Roadmap-oriented and ecosystem-oriented
The way programmers should study is changing.
Until about the 1990s, the IT industry had a long-term plan called "road map. It also encouraged planned skill development on the part of technicians.
Roadmap is a guideline for skill development
I have a feeling that those who have experienced this period still think about studying programmers as if they had this "roadmap".
The Age of [ecosystem
Various types of players, who eat each other and live in harmony with each other, make individual decisions for their own sake, and technology develops through their interactions.
The "roadmap" is about reading their intent, but the "ecosystem" has no intent.
I am the one with the intent, and I cannot set policy until my intent is clear.

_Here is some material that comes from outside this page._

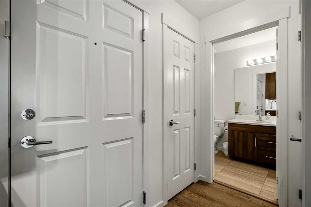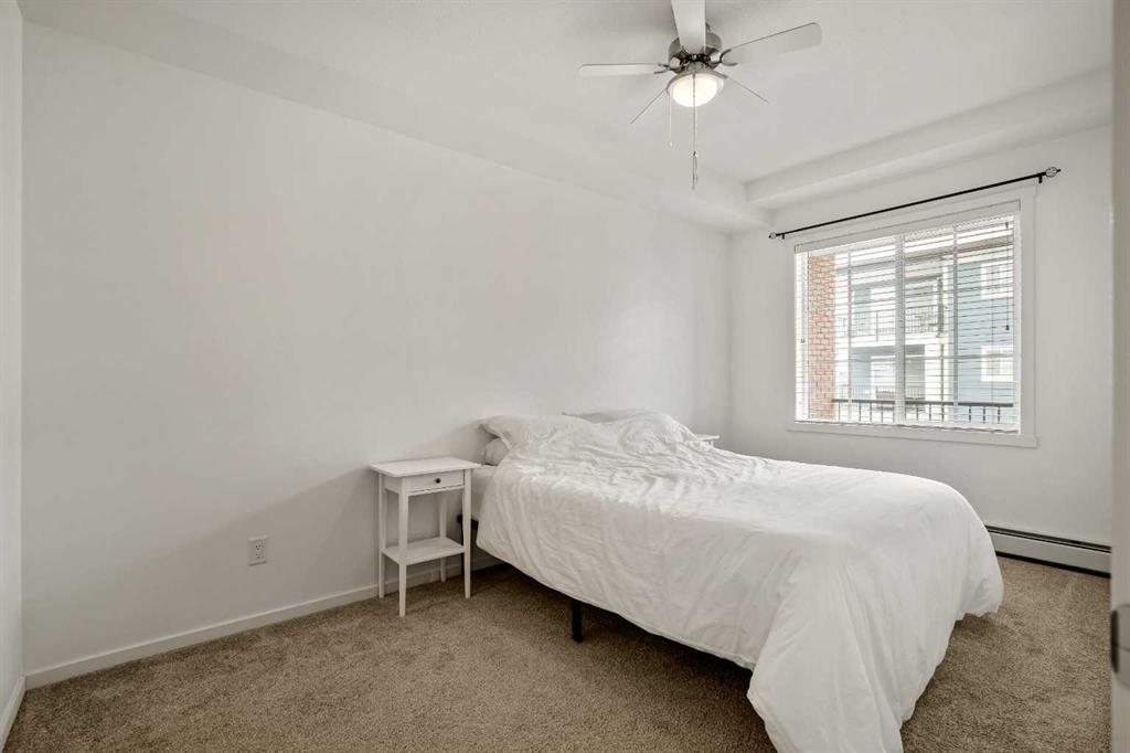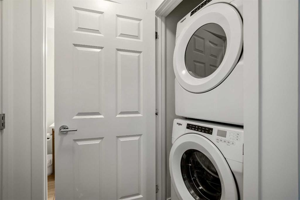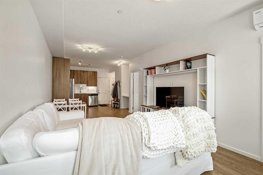 Immaculate 1 bedroom, 1 bathroom AIR CONDITIONED unit in Legacy Park! This bright and OPEN CONCEPT condo with over 660 sq ft of living space is perfect for a first-time buyer, downsizer, or investor. Loaded with BUILDER UPGRADES and presented in virtually new condition, this unit shows exceptionally well. The modern kitchen features upgraded STAINLESS STEEL APPLIANCES, QUARTZ countertops, a full tile backsplash, full-height cabinetry with excellent storage, and the option to add a stationary island. A built-in WORKSTATION with matching quartz countertops adds both style and functionality, ideal for working from home. The generously sized bedroom offers a WALK THROUGH CLOSET complete with built-ins and convenient access to the cheater 5-piece ensuite with DOUBLE VANITY. In-suite laundry and a private patio complete the thoughtfully designed living space. Enjoy the added convenience of titled HEATED UNDERGROUND PARKING and an assigned STORAGE LOCKER. Ideally located close to shopping, amenities, and major roadways, this home offers both comfort and accessibility. Don’t miss this opportunity, book your private showing today!

Normal people should go down the middle in the "roadmap" and avoid the middle in the "ecosystem"
The "ecosystem" is more like a red ocean at the center, with a blue ocean at the periphery where survival is easier. To take the high road in the "ecosystem," one must have extraordinary strengths that others do not have. The roadmap, the ecosystem, and the environment in which we are placed are changing.
Avoid being stuck in one way of thinking by realizing
It's not the roadmap orientation itself that makes sense, it's the understanding that "it used to be roadmap oriented, but that era is over, and now it's ecosystem oriented."
Both roadmap-oriented and ecosystem-oriented have always existed, and their weights have shifted with the times.
Default is the ecosystem
It's a race when the S curve slope of the technology is large. Larger companies have a chance to win with a "control the surroundings by showing a roadmap" strategy.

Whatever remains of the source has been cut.